Hello, I was looking to plant 10 or so Petite Pearl and Verona grapes this upcoming season. I'm curious what other people's experiences have been so for with these varieties. How long was their growing season to harvest? How many GDD to harvest? What was the brix and acid levels of the harvested grapes?

I have a spot I want to plant grapes that gets about 10 hours a day of sunlight....somewhat less in September/October. Knowing some parameters ahead of time may be useful to support my decision to use these varieties. I know success is driven by a lot of factors, especially soil and location, but I wanted to get a sense of the art of the possible before jumping right in.

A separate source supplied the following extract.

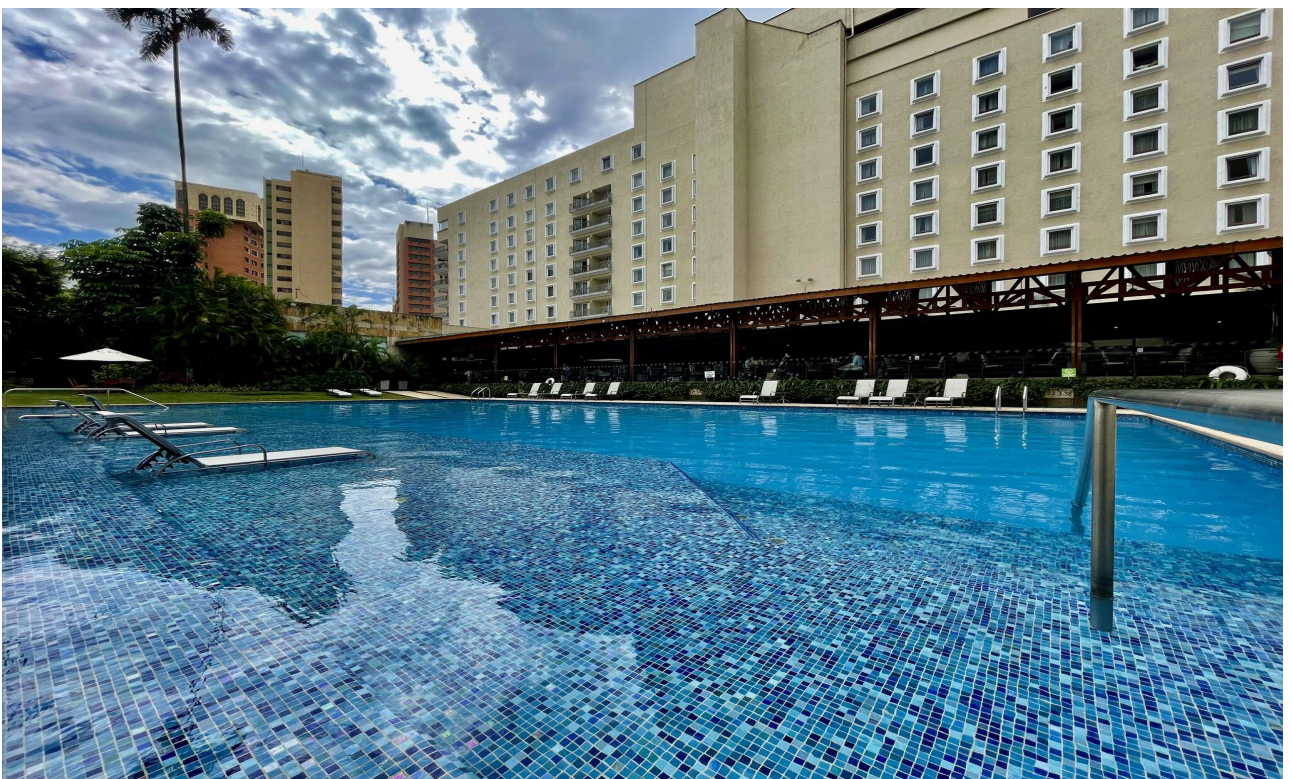
Swimming pool at “Intercontinental Cali”

The growing season here runs about 150-160 days between first and last frost. Soil testing checked a lot of the boxes for grape growing. My biggest concern is having enough sunlight available to ripen the grapes sufficiently and length of season. 

Crimson Pearl is also in consideration if available. I'm just not sure how much knowledge of this variety is out there just yet. T.P. 1-1-12 may be promising if/when it's released for sale.


----------



## treesaver (Oct 12, 2018)

I can't speak for petite pearl, but verona has hardly been out long enough for growers to be able to help you much. I had 26 vines that were two leaf being trained to trellis, when an airplane sprayed a pasture to the west of me. It outright killed three plants, and set the others back so bad, I am scared I'll lose somemore over winter. I had left a couple clusters on the most vigorous plants to play with, but pruned them off when they got sprayed. Maybe someone else had better luck! Lee


----------



## Masbustelo (Oct 12, 2018)

I have both PP and Verona. Next year will be the first year that anyone harvests Verona. Depending on the month I don't get more than ten hours of sun. For the most part grape growers East of the Mississippi had a horrible climactic year. Way to much rain. I harvested some PP last year that was 24 brix, 3.4 and .60 TA. I'm very pleased with that wine. This year mine got to 20 brix, and then tons of rain. You should have long enough of a season.


----------



## BigH (Oct 14, 2018)

Petite Pearl
* *2018: *23.2 brix, 3.35 pH. Harvested at 3127 GDD. 126 days from bud break to harvest
* *2017: *24.8 brix, 3.29 pH. Harvested at 2970 GDD. 141 days from bud break to harvest

My veronas are still babies
H


----------